*PROVIDED DATA*
***
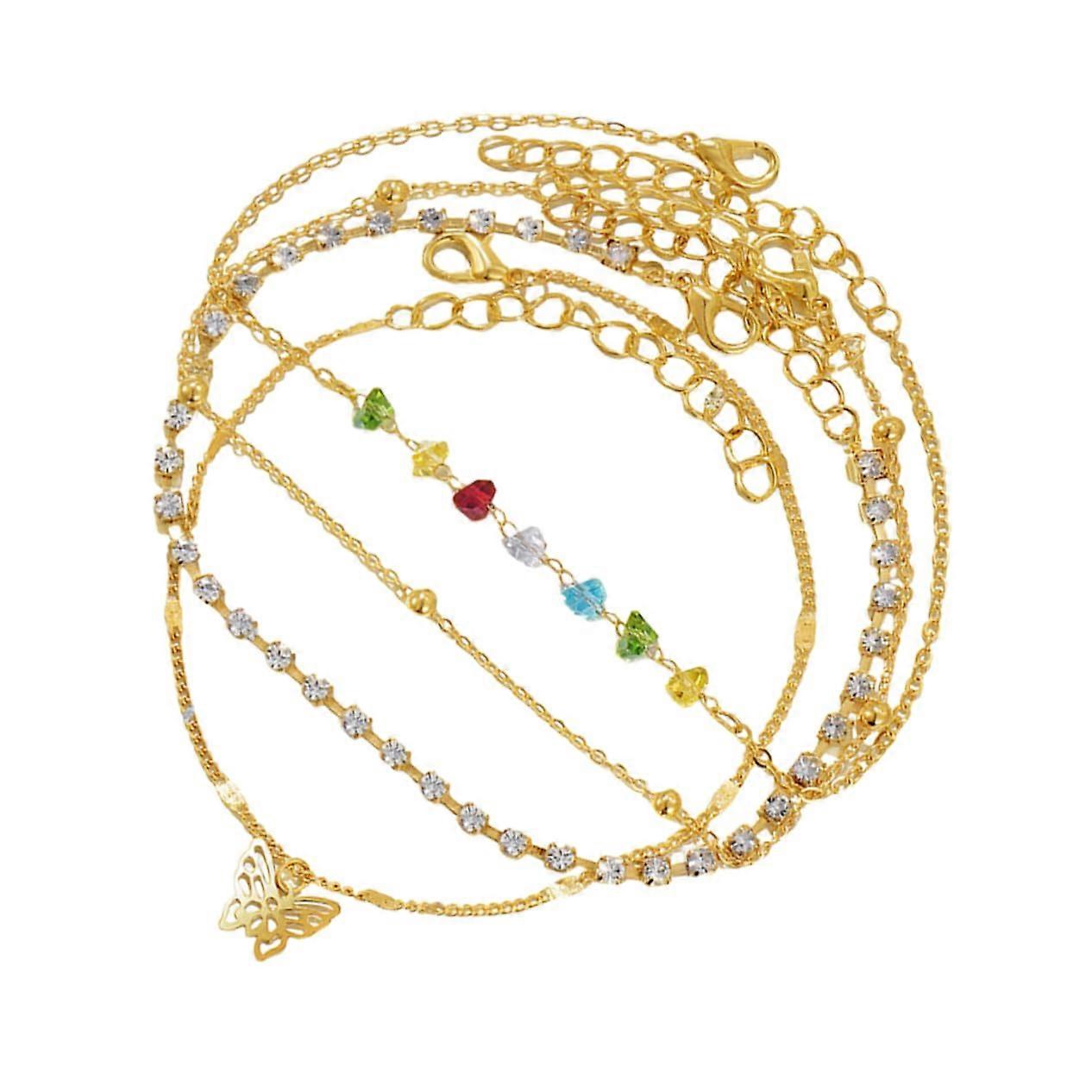 Colorful Diamond Butterfly Anklet Women's Pearl Beaded Alloy Rhinestone Gold
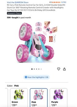 RC Cars, Pink Remote Control Car for Girls, 2.4 GHZ Double Sided RC Stunt Car 360° Rotating Remote Control Crawler with Headlights Car Toys for 6 7 8 $15El Paso, TX
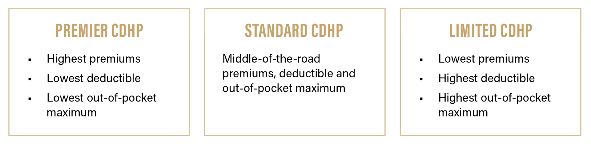 Your medical plan options for 2022 remain the same. You have a choice from three Consumer Driven Health Plans, or CDHPs. |
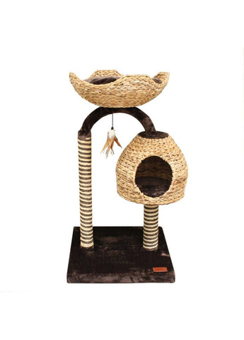 Дряпка (драпак) для кішок з будиночком CROCI Natural Blossom - виготовлена з міцних натуральних матеріалів, таких як сизаль, джут, водяний гіацинт, бананове листя, з м'якими та затишними плюшевими сидіннями. Форма і елегантність матеріалів доповнюють обстановку, в якій знаходиться кігтеточка. Дряпка - необхідний аксесуар у будинку, де є кішка. Сточування кігтів - природна потреба цих ласкавих вихованців, і для її задоволення вони можуть використовувати дивани, столи, двері. Але такий варіант зазвичай не влаштовує господарів, тому спеціальна ганчірка дасть змогу вирішити відразу два завдання: - задовольнити бажання кішки поточити кігті; - зберегти в цілості меблі, стіни, килими та інші предмети. Переваги цієї кігтеточки: Задовольняє природну потребу кішок точити кігті. Допоможе уникнути псування стін, домашніх меблів та інших предметів інтер'єру. Міцна мотузка витримує кігті навіть найактивніших котів. Застосування: привчати точити кігті необхідно кошенят до 6-тижневого віку. Якщо вихованець не знайомий з кігтеточками, його можна привчати, застосовуючи котячу м'яту або спрей для залучення до гри. Рекомендується розміщувати кігтеточку в коридорі або на кухні, а не у вітальні та спальні. Розмір: 50x50x87,5 см
***
Pictures excluded, copy the lines exactly from where the material starts to the line with "Your medical plan", inclusive.

*OUTPUT OF THE EXERCISE*
 Colorful Diamond Butterfly Anklet Women's Pearl Beaded Alloy Rhinestone Gold
 RC Cars, Pink Remote Control Car for Girls, 2.4 GHZ Double Sided RC Stunt Car 360° Rotating Remote Control Crawler with Headlights Car Toys for 6 7 8 $15El Paso, TX
 Your medical plan options for 2022 remain the same. You have a choice from three Consumer Driven Health Plans, or CDHPs. |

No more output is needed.